■ Task details
Every line from the first one in the data below through the line holding "17 years backtests" is to be written out exactly, with the pictures omitted.

■ Provided information
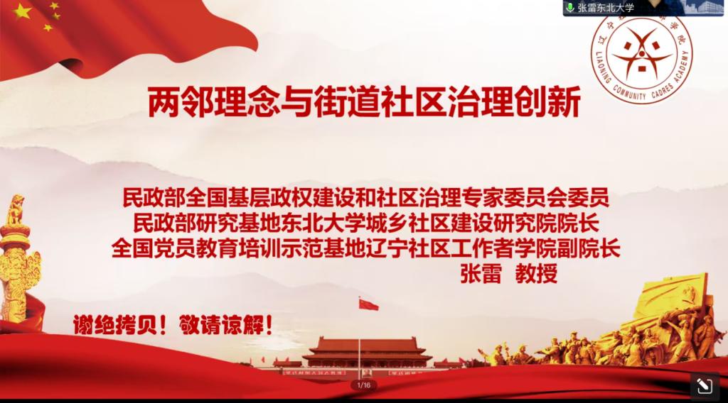 11月18日晚,东北大学张雷教授应邀为麻豆做爱 师生作了题为《两邻理念与街道社区治理创新》的学术报告。此次讲座由麻豆做爱 刘辉教授主持,公共管理专业研究生及本科生通过线上的方式共同参与了此次讲座。
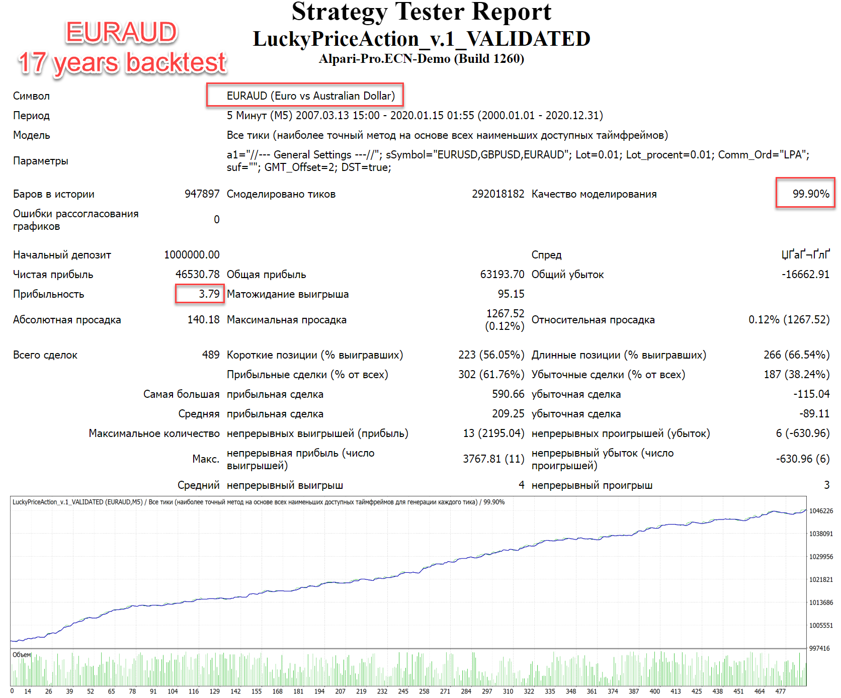 17 years backtests show that this strategy has high expectancy (in pips) and not broker-sensitive.
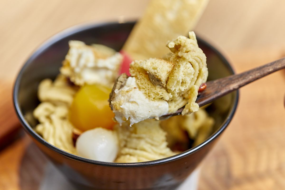 中に入っているのは、シフォンケーキと2種類のアイス。このシフォンケーキの素材にも白あんが使われていて、見事な和洋折衷。ほんのりと焦げた砂糖の苦味とカリッとした食感が香ばしいアーモンドプラリネとシフォンのやわらかさのコントラストもよく、さまざまなスイーツの美味しさをこの1杯で堪能できます。
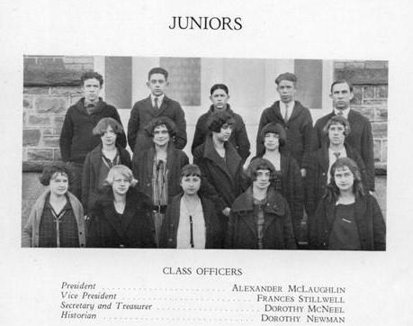 ![]() Lucy Edgar Beard is in the photo above, which one? Juniors in 1925 are Lucy Edgar Beard, Martha Beard, Anna Bell Clark, Alexander McLaughlin, Rachel Irvine, Dorothy McNeel, Carl Morrison, Martha McNeel, Eva Fowler, Lorena Warren, Nelson Landis, Wilbur Moore, Frances Stillwell, Dorothy Newman, Margaret McNulty. |
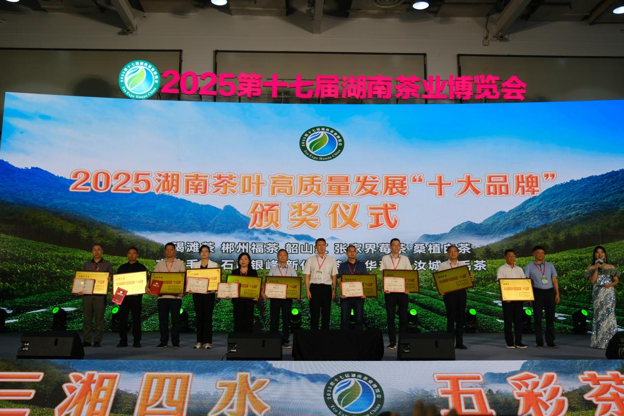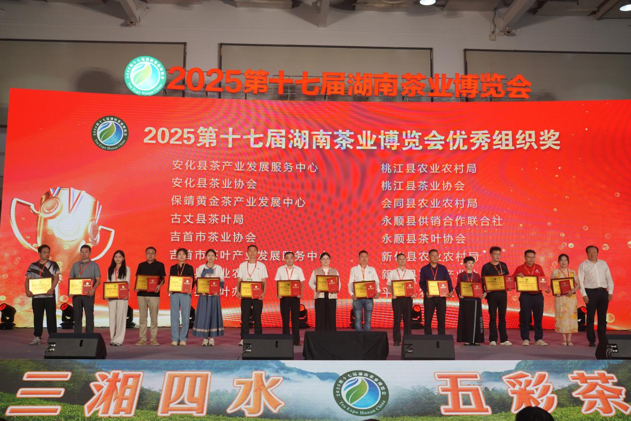 據了解,本屆茶博會(huì )為期四天,由湖南省茶業(yè)協(xié)會(huì )、湖南省茶葉學(xué)會(huì )等聯(lián)合主辦,以“三湘四水 五彩湘茶 鄉村振興 五彩茶香”為主題。會(huì )上,“新化紅茶”榮獲2025年湖南茶葉高質(zhì)量發(fā)展“十大品牌”,湖南省渠江薄片茶業(yè)股份有限公司獲2025年湖南茶葉高質(zhì)量發(fā)展“十佳科技領(lǐng)軍企業(yè)”,“紫鵲十八紅”獲“茶祖神農杯”紅茶類(lèi)五星茶產(chǎn)品,新化縣農業(yè)農村局、新化縣茶葉產(chǎn)業(yè)協(xié)會(huì )獲2025第十七屆湖南茶業(yè)博覽會(huì )優(yōu)秀組織獎。(曹慶華 曾振科)
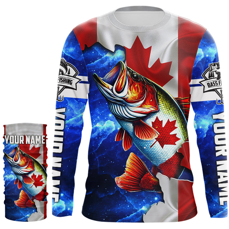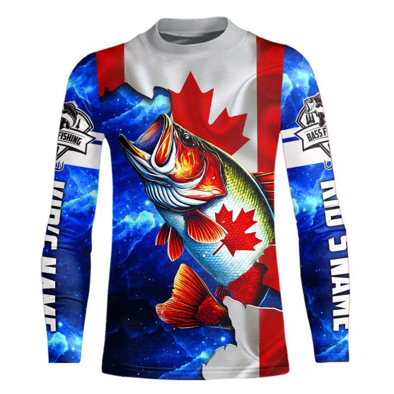 Bass Fishing Canadian Flag patriotic UV protection Custom name long sleeves shirt NQS9309

■ Your solution
 11月18日晚,东北大学张雷教授应邀为麻豆做爱 师生作了题为《两邻理念与街道社区治理创新》的学术报告。此次讲座由麻豆做爱 刘辉教授主持,公共管理专业研究生及本科生通过线上的方式共同参与了此次讲座。
 17 years backtests show that this strategy has high expectancy (in pips) and not broker-sensitive.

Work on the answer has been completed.